In this post, we will discuss the significance of data privacy in the context of LLMs, the potential associated risks, and how companies can maintain a competitive edge by utilizing their own proprietary data without it getting incorporated into other LLMs.
Let’s dig in.
Two of the primary arguments in favor of AI regulation revolve around:
Data privacy → The use of private data and PII used in LLMs and black box models.
Ethical and safety considerations → Discrimination, biases, and the spread of harmful information.
Of course, there are other larger concerns raised about the specter of AI, particularly the existential risks potentially posed by AGI, but we’ll focus on the above two real and immediate concerns in this post.
Data privacy refers to the protection of personally identifiable information (PII), which could include financial information, health information, social security numbers, home addresses, and more. In the digital age, data privacy has become increasingly important as more companies and organizations collect information and share it across online platforms (think about all those targeted ads you receive!).
In the specific context of LLMs, these models are trained on large public datasets (e.g., C4, The Pile, The Bigscience Roots Corpus, OpenWebText, LAION, and more). However, in order to improve the models, the LLMs also collect data from user interactions. For example, when a user asks a question to ChatGPT, they often input additional context or information to the model. In doing so, ChatGPT is collecting potentially proprietary data or information, which the LLM then feeds back into its system to create better outputs.

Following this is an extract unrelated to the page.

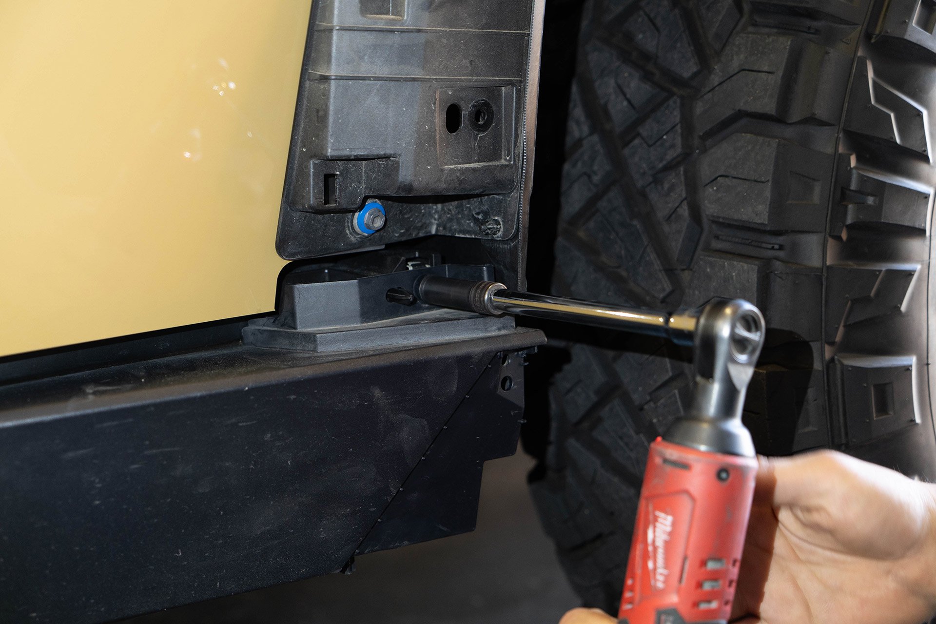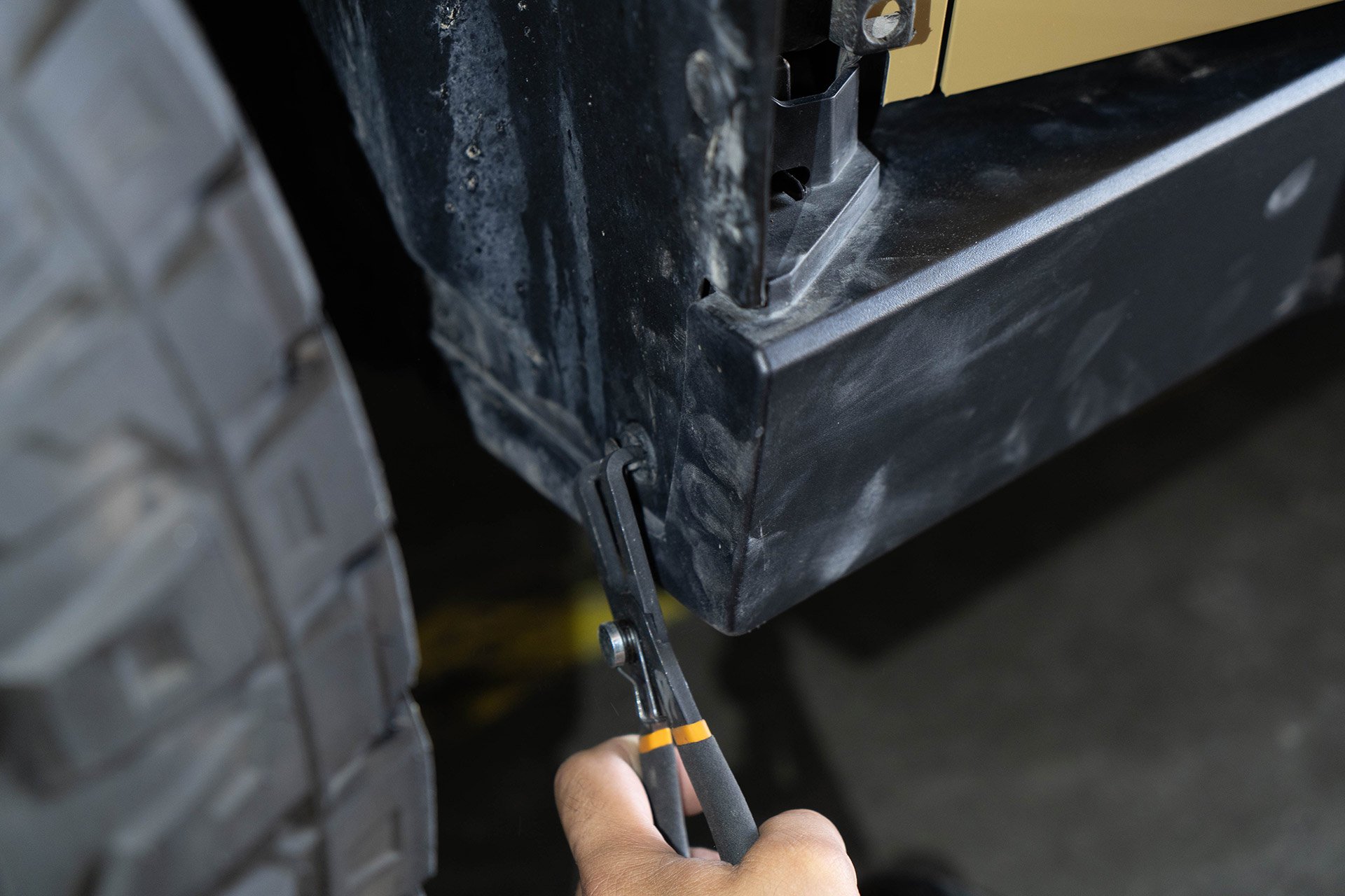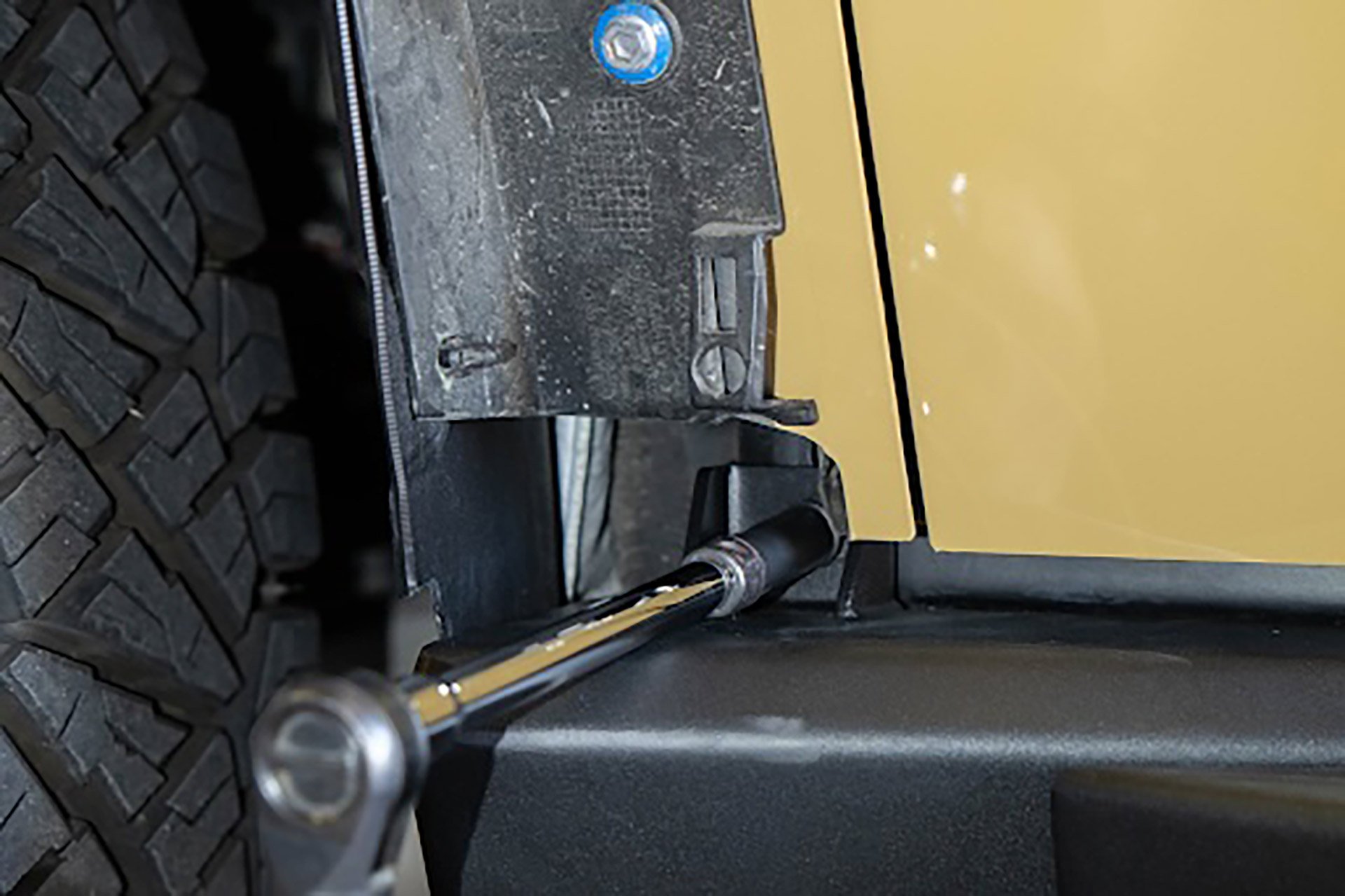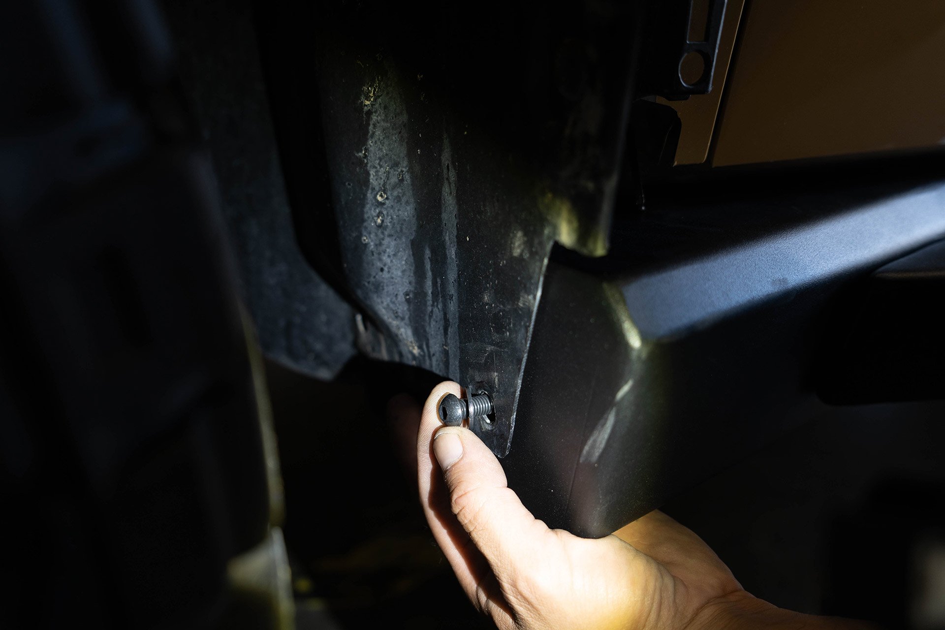 Next, install remaining factory push clips to secure the fender liner to the rock slider. Torque to 8 ft/lbs.

Misuse of data can result in:
Lack of transparency: LLMs can be complex and difficult to understand, which can make it hard to determine how personal data is being used or why certain decisions are made.
Lack of control: As AI is used to collect and analyze vast amounts of personal data, there are rising concerns about privacy and the potential for misuse of personal/proprietary information or copyright infringement (as we saw with the Github CoPilot Lawsuit).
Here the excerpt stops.